Chapter 5: Algorithms

  • Most important, an efficient algorithm likely exists already to solve your issue!
  • Lots of sorting algos: Selection, Insertion, Merge, Quick
  • Searching: Sequential, Binary, or use a Hash!
  • Graphs: Depth First Search vs. Breath First Search => it’s a trade-off!
    • DFS – down, using a Stack
    • BFS – across, using a Queue
    • Simple, less memory: DFS
    • DFS if need to explore all graph nodes
    • BFS if expected location is close to the root
  • classic problem: find the shortest path between nodes
    • try Djkistra Algorithm
    • uses a priority queue (as opposed to BFS, which is an auxiliary queue)
    • huge area? try Bidirectional Search
  • Google, PageRank Algorithm
    • modeled the web as a graph
    • web page = node, links = edges
    • the more edges a page has, the higher the rank! 
  • network, workflow, cost issues? Linear optimization problems are likely best solved with Simplex Method
  • Final Takeaways
    • I think the key here is first to see how your data is modeled, and then look for a algorithm that matches the problem at hand
    • Beware of choice! Successful algorithms can have pitfalls, drawbacks

Chapter 6: Databases

  • The definition of Normalize, Normalization is not what I have used/heard
    • book: The process of transforming a database with replicated data to one without
    • familiar: prepare and/or flatten data for ease of consumption
    • I think I have been wrong here (the very reason I am writing this blog & reading these books lol)!
  • An index is basically a self-balancing binary search tree
  • NoSQL (btw, it can be pronounced either way)
    • most widely known type: document store
      • a data entry contains all info app needs 
      • data entry: document
      • group of documents: collection
  • Graph Databases
    • data entry = node, relationship = edge
    • the most flexible type of DB!
    • data modeled like a network?
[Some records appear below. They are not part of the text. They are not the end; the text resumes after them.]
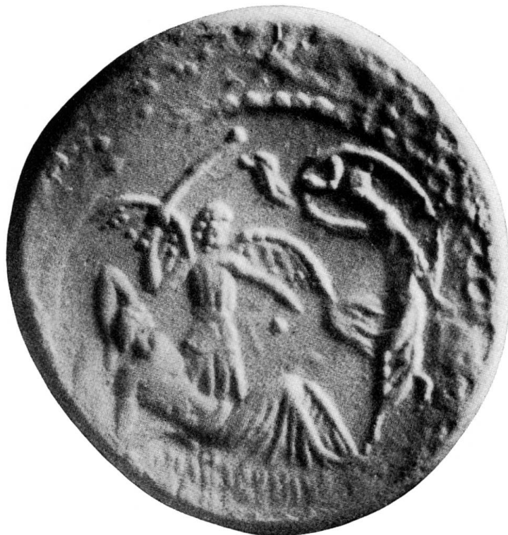
Abb. 8. Rückseite des Buca-Denars, Paris

An den Traum des Sulla, den wir besprochen haben, wurde von seinem Enkel im Januar 44 wieder erinnert, — ein Zeichen der unerhörten Duldsamkeit Caesars, der die Römer eben damals durch seine großmütige clementia mit dem von ihm angestrebten Königtum versöhnen wollte 39 . Sullas Mondgöttin erscheint auch auf dem Kleinsilber des Buca, mit einem Stern, der nicht Caesar, sondern Sulla gehört 40 .
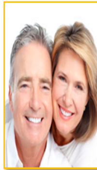
Ilustración 21: Etapa de la adulterez Fuente: Etapasdesarrollohumano.com. (N.A). Modificado por González, J. (2019).
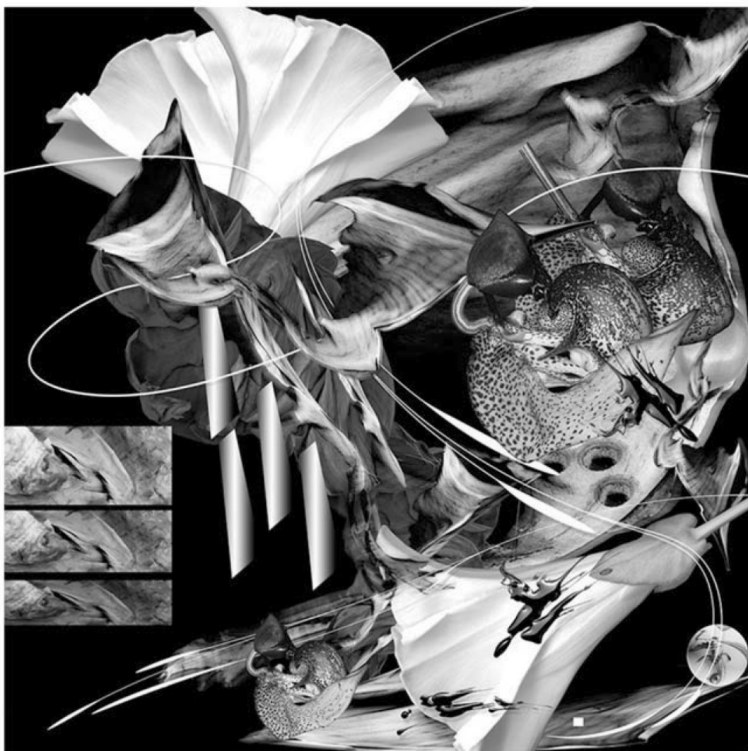
Série en végétal et en particulier – Entrelacs 169 – 50x50cm – papier d'art 300gr – 2014/2023

Graph is likely best
  • Big Data: Volume, Velocity, Variety, (Variability, Veracity)
  • SQL vs. NoSQL => it’s a trade-off!
    • data-centered: SQL
    • maximize structure & eliminate duplication: SQL
    • application-centered: NoSQL
    • faster development: NoSQL
    • time spent on consistency: SQL
  • Distributed
    • Single-Master Replication
      • master receives all queries
      • forwards to slave (which contains a replica of DB)
    • Multi-Master Replication
      • load balancer distributes queries
      • all masters connected
      • write queries propagated amongst all masters
    • Sharding
      • each computer has portion of DB
      • query router send query to correct computer
      • use with replication to avoid one shard failing and having portion of DB unavailable
    • be wary of Data Consistency; Eventual Consistency (many writes among distribution take time to catch up & sync) might not be good enough
  • Serialization: SQL, XML, JSON, CSV

Chapter 7: Computers

  • bus: group of wires for transmitting data (think individual RAM component)
    • address bus: transmit address/location data (unidirectional)
    • data bus: transmit data to and from
  • register: internal memory cell in CPU
  • instruction set: collection of all operations
  • at core of never-ending CPU cycle is Program Counter (PC or BIOS)
    • stores the memory address of next instruction to be executed
    • special register
    • will hold immutable core logic for computer startup
  • CPU clock: number of basic operations per second
    • 2 MHz = two million operations/second
    • quad-core 2 GHz = close to a billion operations/second
  • bit architecture
    • 4 bit = processing binary number instructions up to 4 digits 
    • 8 bit = up to 8, 32 bit = 32 digits, etc
    • thus a 64-bit program can’t run on 32-bit
    • 64-bit register = 2^64 = over 17 billion gigabytes
  • endian
    • little-endian = store numbers left-to-right
    • big-endian = right-to-left
  • compiler
    • converts programming language into machine instructions
    • turing-complete: read/write data, performs conditional branching
    • scripting languages (JS, Ruby, Python) use an interpreter to skip compiling (much slower! but immediate code execution)
    • once compiled, original code is impossible to recover
    • BUT is possible to decode the binary (disassembly). this is reverse-engineering, and frequently how programs are hacked (think pirated software that bypasses auth/download code)
  • memory hierarchy
    • Processor-Memory Gap: RAM is slower
    • the following help bridge the gap
      • Temporal Locality: if used once, likely to be used again
      • Spatial Locality: when address used, near-by addresses likely to be used shortly
      • L1/L2/L3 Cache: contents of memory with high probability of being accessed
    • Main Memory (RAM) – primary
    • Main Storage (DISK) – secondary, could be tape or SSD
  • Final Takeaway

Chapter 8: Programming

  • Values are first-class citizens. I never thought of it this way; I always associated the term “first-class” with functions & JavaScript
  • Paradigms
    • Imperative
      • first!
      • exact instructions at each step with specific commands
      • Machine Code: mnemonic instructions (ex – CP, MOV using Assembly ASM)
      • StructuredGOTO, JUMP to control execution flow, eventually conditionals (for much better control)
      • Procedural: an advancement, allowing dry code & reusability
    • Declarative
      • what you want, not how
      • Functional:
        • functions are first-class, & thus higher-order functions
        • closures 
          • can “remember” a var, and access it in future 
          • allow for clean approach to global var
    • Logic: best for AI, natural language processing
  • Final Takeaway
    • Once, I failed an interview code challenge. I now know why because I did not understand or know about closures!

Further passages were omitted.